Recent NRA negotiations with government in relation to cultural heritage and NRM have sought a critical shift in institutional/disciplinary understanding and practice in relation to research and management practice on Indigenous lands and waters. The usual, and limited, mechanism for addressing Indigenous interests has been through cultural heritage, and to some extent Native Title legislation. Accepting that ecological and environmental research and management has broad and direct impacts on Indigenous well-being is an important shift in government policy (see DEH 2009; MDBC 2006).

Mi'Kmaq scholar Marie Battiste, a member of the Potlo'tek First Nation (in Nova Scotia, Canada), articulates her experience and knowledge of Indigenous ontologies and epistemologies in the following passage:

Indigenous knowledge thus embodies a web of relationships within a specific ecological context; contains linguistic categories, rules, and relationships unique to each knowledge system; has localized content and meaning; has customs with respect to acquiring and sharing knowledge; and implies responsibilities for possessing various kinds of knowledge (Battiste 2008:501).

Indigenous world views and knowledge systems have significant implications for ethics processes in universities, particularly in the environmental sciences. For Ngarrindjeri, standing at the centre of this position is Ruwe/Ruwar.
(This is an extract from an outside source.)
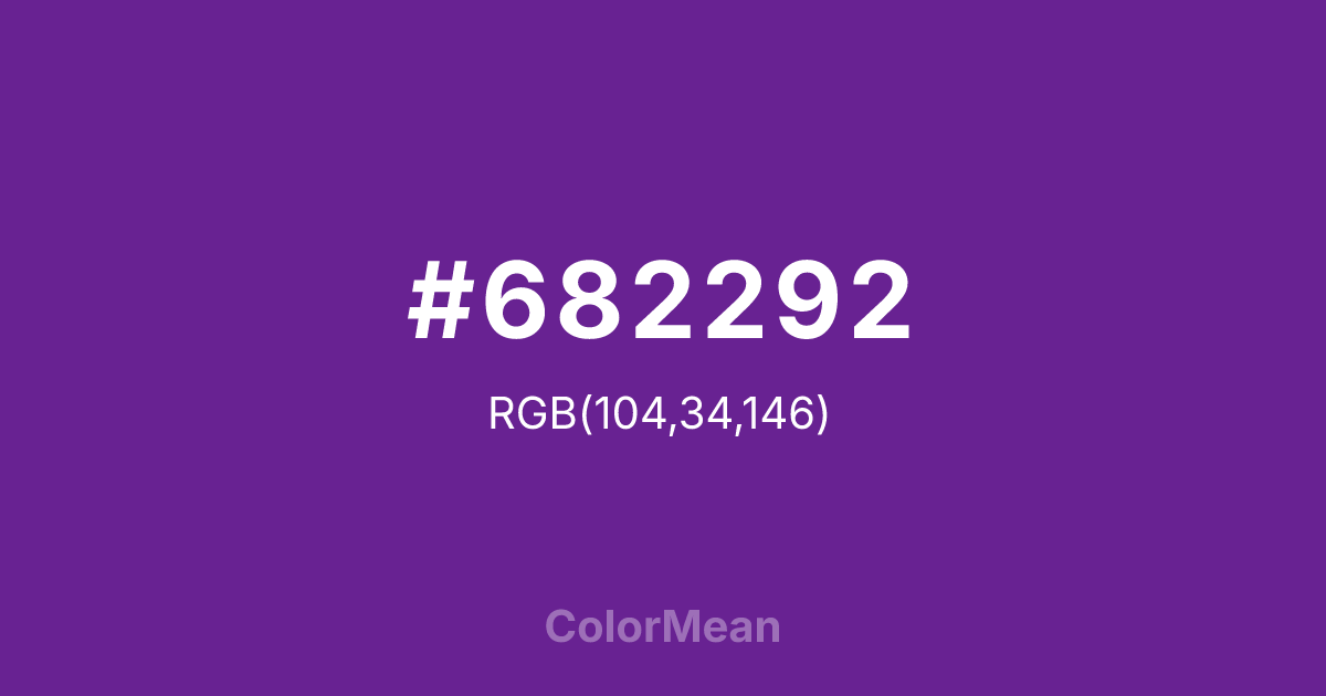 #682292 RGB value is (104, 34, 146). The hex color red value is 104, green is 34, and blue is 146. Its HSL format shows a hue of 278°, saturation of 62 percent, and lightness of 35 percent. The CMYK process values are 29 percent, 77 percent, 0 percent, 43 percent.
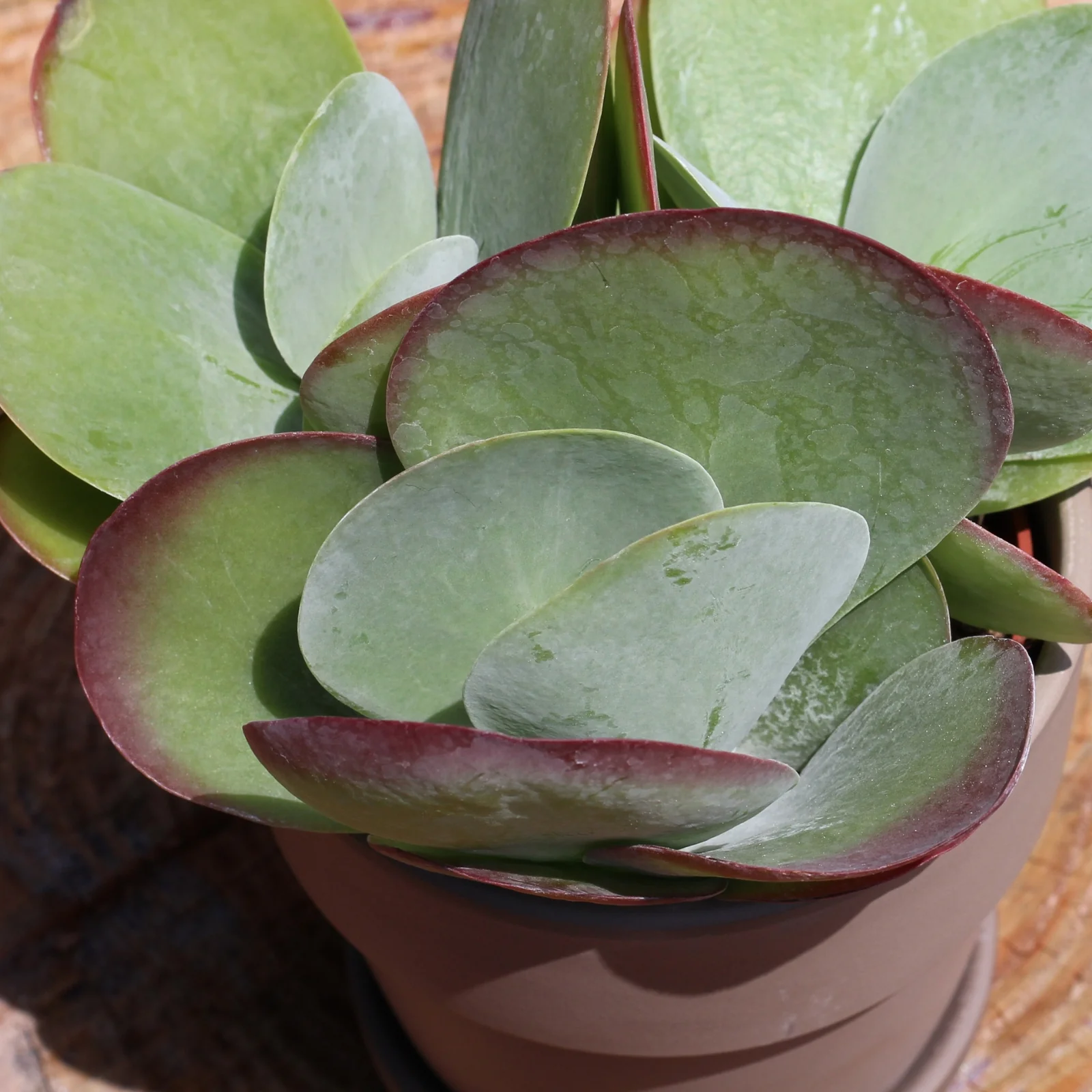 A Kalanchoe thyrsiflora é uma suculenta escultural e inconfundível, conhecida pelas folhas arredondadas em tons de verde-acinzentado com bordas avermelhadas. Uma planta resistente e decorativa, perfeita para quem gosta de formas ousadas e de fácil manutenção.

Emerging from, and additional to, this recognition is the importance of Ngarrindjeri access to NRM resources to build capacity to develop a just and sustainable relationship with the burgeoning State NRM bureaucracy (see Hemming et al. 2002). This means that there must be a recognition of the power imbalance between Ngarrindjeri and government, universities and business--particularly in the space of major management/research projects such as Murray Futures. A Ngarrindjeri strategic response has been to argue for a significant role in all aspects of the government's NRM 'adaptive management cycle' as it applies to Ngarrindjeri Ruwe/Ruwar--research, planning, policy development and ongoing monitoring.

As researchers and legal advisers working for the NRA, we pose the following types of questions about research practice within this complex cultural heritage and NRM regime. Where do governments situate research in their decision-making processes ? What kinds of research are privileged? How do governments address research ethics in their multidisciplinary research programs? What flows from research projects and the status that researching institutions gain? What are the best mechanisms for protecting ICIP rights? Where do Indigenous interests sit in these spaces? How can Indigenous nations develop the capacity to equitably engage in these spaces? What changes should universities make to their research practices and their partnership building with governments and business that would assist Indigenous nations operating in these contexts? We think AIATSIS could focus attention in its review of ethical research practices on the importance of universities, governments and business addressing these broader questions of institutional research practice.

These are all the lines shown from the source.